Return to Transcripts main page

New Day

Jury Awards Erin Andrews $55 Million in Stalker Case; Super Tuesday II: What's at Stake?; Are We Any Closer to Solving the Mystery of MH370? Aired 8:30-9a ET

Aired March 08, 2016 - 08:30   ET

THIS IS A RUSH TRANSCRIPT. THIS COPY MAY NOT BE IN ITS FINAL FORM AND MAY BE UPDATED.


(COMMERCIAL BREAK)

[08:32:35] CHRIS CUOMO, CNN ANCHOR: A Tennessee jury awards $55 million to sports reporter Erin Andrews. The stalker who videotaped her naked and the hotel where it took place both found liable for the high profile privacy violation. CNN's Martin Savidge has more at the CNN Center.

So, Martin, what's your take?

MARTIN SAVIDGE, CNN CORRESPONDENT: Well, privacy, again, as we've seen so often now in our society, especially as open as we are, is very key. And in this trial, that was certainly the case. Erin Andrews, 2008, she is in Nashville to be the sportscaster for a football game. Her stalker, that's Michael Barrett, he is able to get the hotel to reveal that she's a guest and also to get the room next door. He is able to alter the peephole on her door and he videotapes her naked. He later posts it on the Internet.

So all of this that he said was a horrific invasion of her privacy and that the hotel was negligent. The hotel tried to argue that, look, we were duped by Michael Barrett. We're also victims here in this. And they also tried to say, but you know, her career hasn't exactly done bad after all of this. Neither argument went over very well clearly with the jury as the jury came out with a $55 million reward. She wanted $75 million.

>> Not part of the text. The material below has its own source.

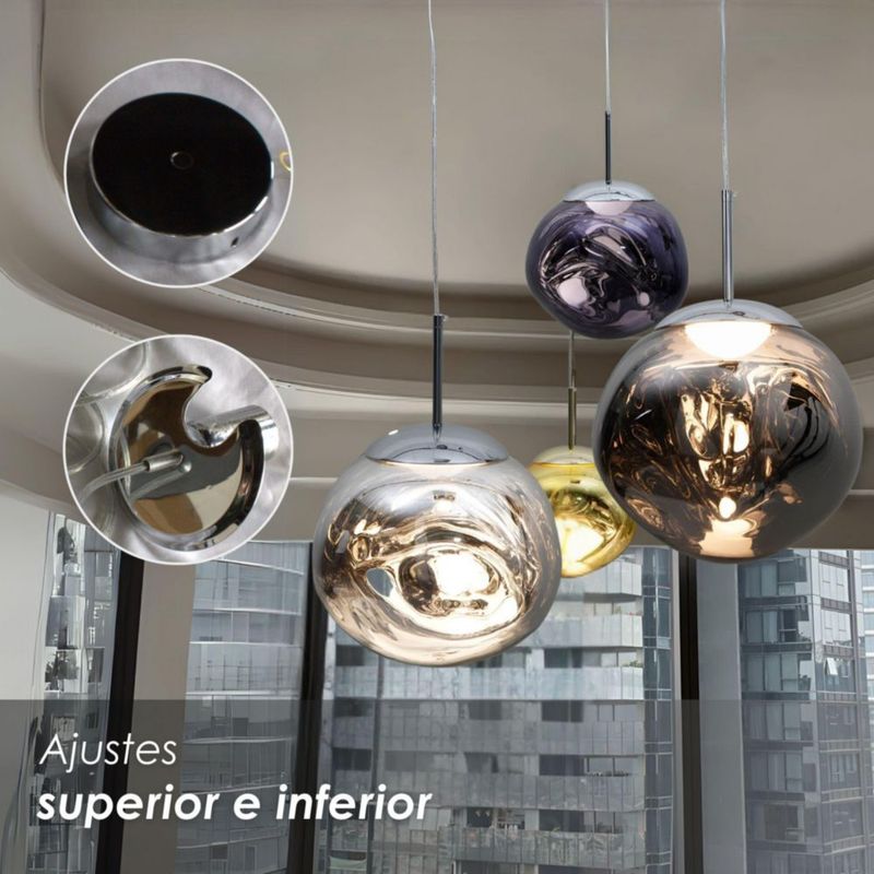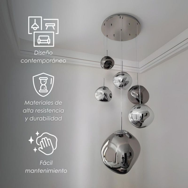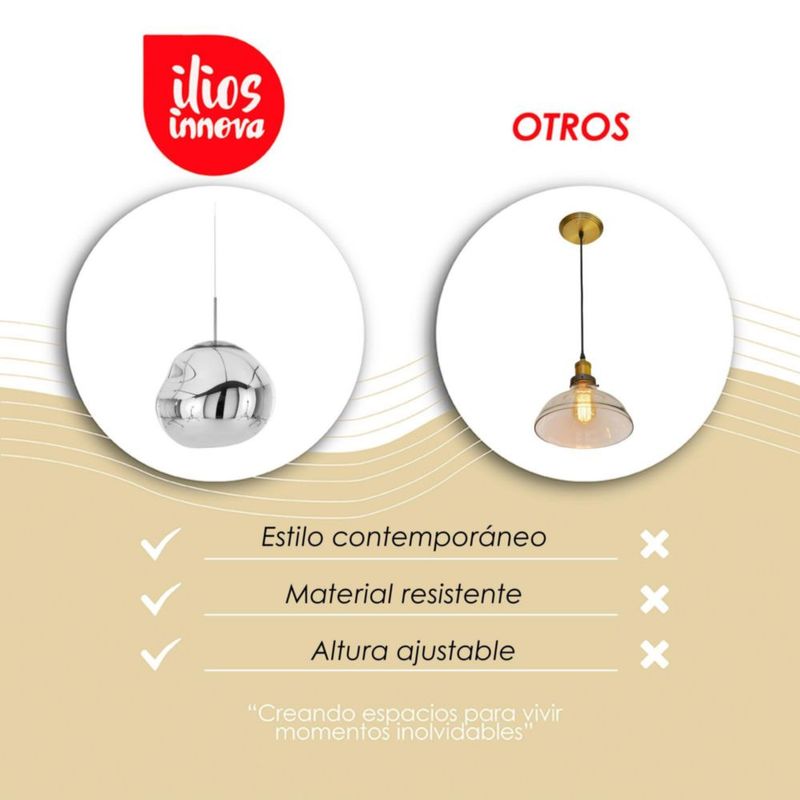 Ilios Innova | Lámpara Colgante Lava Metal Cromado 28cm, Altura Ajustable

After that verdict, she issued this statement. "I've been honored by all of the support from victims around the world. Their outreach has helped me to be able to stand up and hold accountable those whose job it is to protect everyone's safety, security" and there's that word, "privacy."

Now, what remains to be seen is how much of the money she will actually get. Michael Barrett, who owes the most in all this, $29 million, is said to be worth almost nothing. The hotel does have the money, but they may appeal.

Back to you, Michaela.

MICHAELA PEREIRA, CNN ANCHOR: We'll wait to see what happens.

Martin, thank you.

Time for the five things now to know for your new day.

It is Super Tuesday, the sequel. Democrats do battle in two primary states, Michigan and Mississippi. Republicans complete in four, Mississippi, Michigan, Idaho and Hawaii.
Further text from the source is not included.